Monitoring Engineering Production Services Specialist ll
Job Description:
At Bank of America, we are guided by a common purpose to help make financial lives better through the power of every connection. We do this by driving Responsible Growth and delivering for our clients, teammates, communities and shareholders every day.
Being a Great Place to Work and providing a culture of caring is core to how we drive Responsible Growth. We are intentional about fostering an inclusive workplace where every teammate has the opportunity to succeed, build a career and contribute to our shared success. This includes attracting and developing exceptional talent, recognizing and rewarding performance, and supporting our teammates’ physical, emotional, and financial wellness through affordable, competitive and flexible benefits.
We value the unique perspectives individuals bring from all backgrounds and career paths - whether shaped by military service, community college education, or a wide range of work and life experiences. These journeys foster resilience, leadership and innovation, strengthening our workforce and positively impact the communities we serve.
Bank of America is committed to an in-office culture that supports collaboration, engagement, and career development. Our approach includes clear in-office expectations, while providing an appropriate level of flexibility based on role-specific responsibilities and business needs.

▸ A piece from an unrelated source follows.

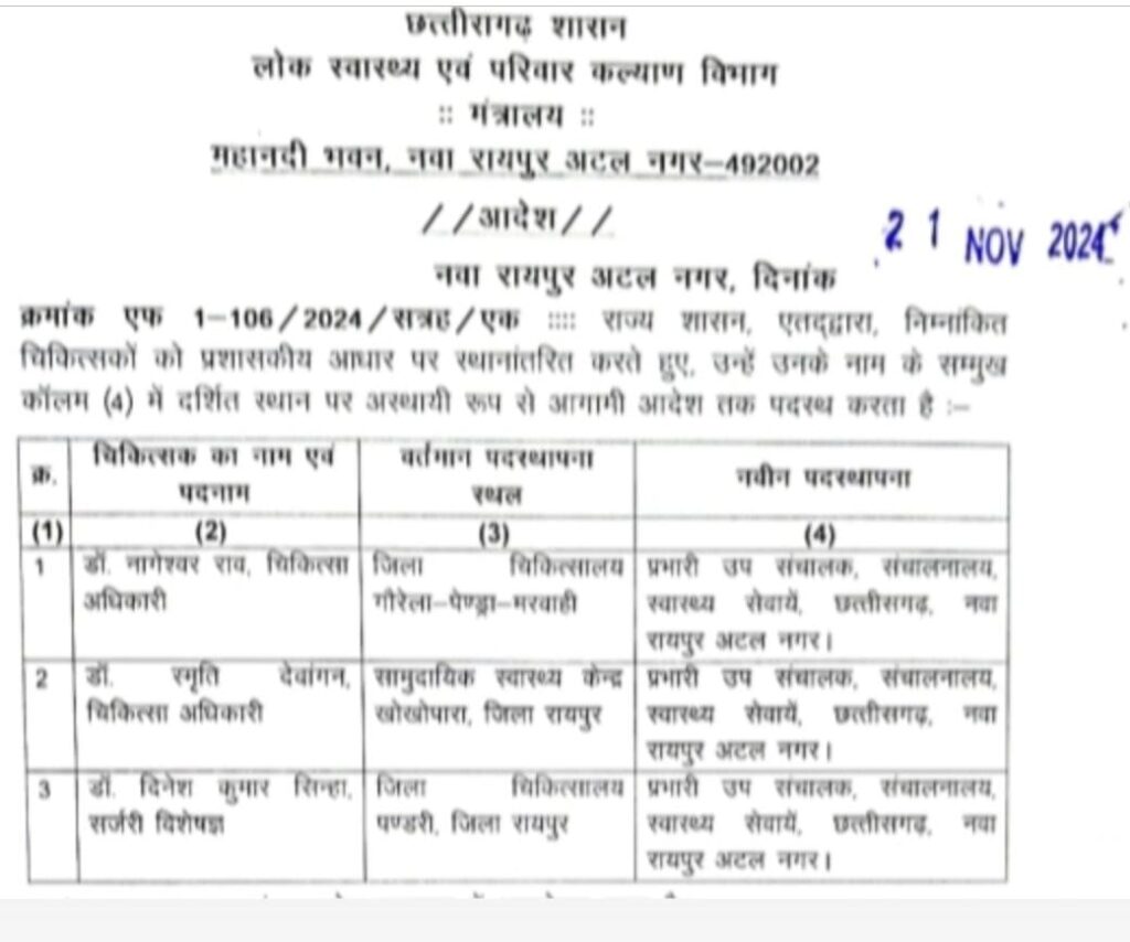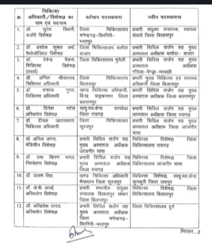 स्वस्थ विभाग के अधिकारियों का हुआ तबादला एक बार फिर से बिलासपुर का सीएमओ डॉक्टर अनिल श्रीवास्तव बनाये गए

At Bank of America, you can build a successful career with opportunities to learn, grow, and make an impact. Join us!
Job Description:
This job is responsible for providing support to end users and responding to issues related to incidents and problem management for multiple applications, focusing on leading triage activities on all business impacting incidents. Key responsibilities include ensuring compliance with incident management and problem management policies and procedures. Job expectations include serving as a key focal point for the customer, client, and associate experience and restoring any impacts to those experiences regardless of where the root cause of the impact lies.
Responsibilities:
- Leads production support triage efforts, manages bridge line troubleshooting, engages in technical research, and escalates issues to leadership as needed
- Ensures all impacts are accurately recorded and documented in the system of record, verifies documents and wikis are updated and available for use during triage, and supports on call responsibilities for incidents, the documentation of application flows, impacts during outages, the customer experience, and contacts for support needs
- Provides status updates and technical detail for awareness communications, such as infrastructure, application and client impact, and component points of failure, oversees accuracy of all communications sent, and ensures any necessary reconvenes are scheduled
- Identifies business impact, interprets monitors, dashboards, and logs, and writes queries to accurately calculate and communicate impacts to leadership in partnership with senior team members or specialists within Technology Services
- Promotes and enforces production governance during triage/testing, and identifies production failure scenarios, vulnerabilities, and opportunities for improvement, determines appropriate actions, and escalate issues as needed
- Analyzes, manages, and coordinates incident management activities to detect problems that potentially affect the service level
- Fulfills research requests, ad hoc reports, and offline incidents at the direction of senior team members or the Technology/Production Services teams
Required Qualifications
- Hands-on experience with Splunk (search, SPL, dashboards, alerts, data onboarding, and tuning).
- Hands-on experience with Dynatrace (APM, services/entities, alerting profiles, management zones, dashboards).
- Strong understanding of monitoring and observability concepts: logs, metrics, traces, events, and correlation.
- Experience supporting production systems and participating in incident management and operational support.
- Knowledge of SRE concepts such as reliability engineering, alert hygiene, post-incident reviews, and automation.
- Experience working with ITSM processes (incident, problem, change) and tracking SI actions to closure.
- Basic to intermediate scripting experience (e.g., Python, Shell) for automation and analysis.
- Strong communication skills and ability to work across distributed teams in the APAC region.
Desired Qualifications
- Experience with advanced Splunk or Dynatrace features (custom metrics, anomaly detection, DQL/SPL optimization, synthetic monitoring).
- Experience integrating monitoring tools with ServiceNow or similar ITSM platforms.
- Familiarity with capacity monitoring, performance engineering, or business transaction monitoring.
- Relevant certifications (Splunk, Dynatrace, SRE/DevOps, Cloud) are a plus.
Skills:
- Adaptability
- Analytical Thinking
- Influence
- Production Support
- Risk Management
- Automation
- Collaboration
- Innovative Thinking
- Result Orientation
- Solution Design
- Business Acumen
- DevOps Practices
- Project Management
- Solution Delivery Process
- Stakeholder Management
Shift:
1st shift (United States of America)Hours Per Week:
40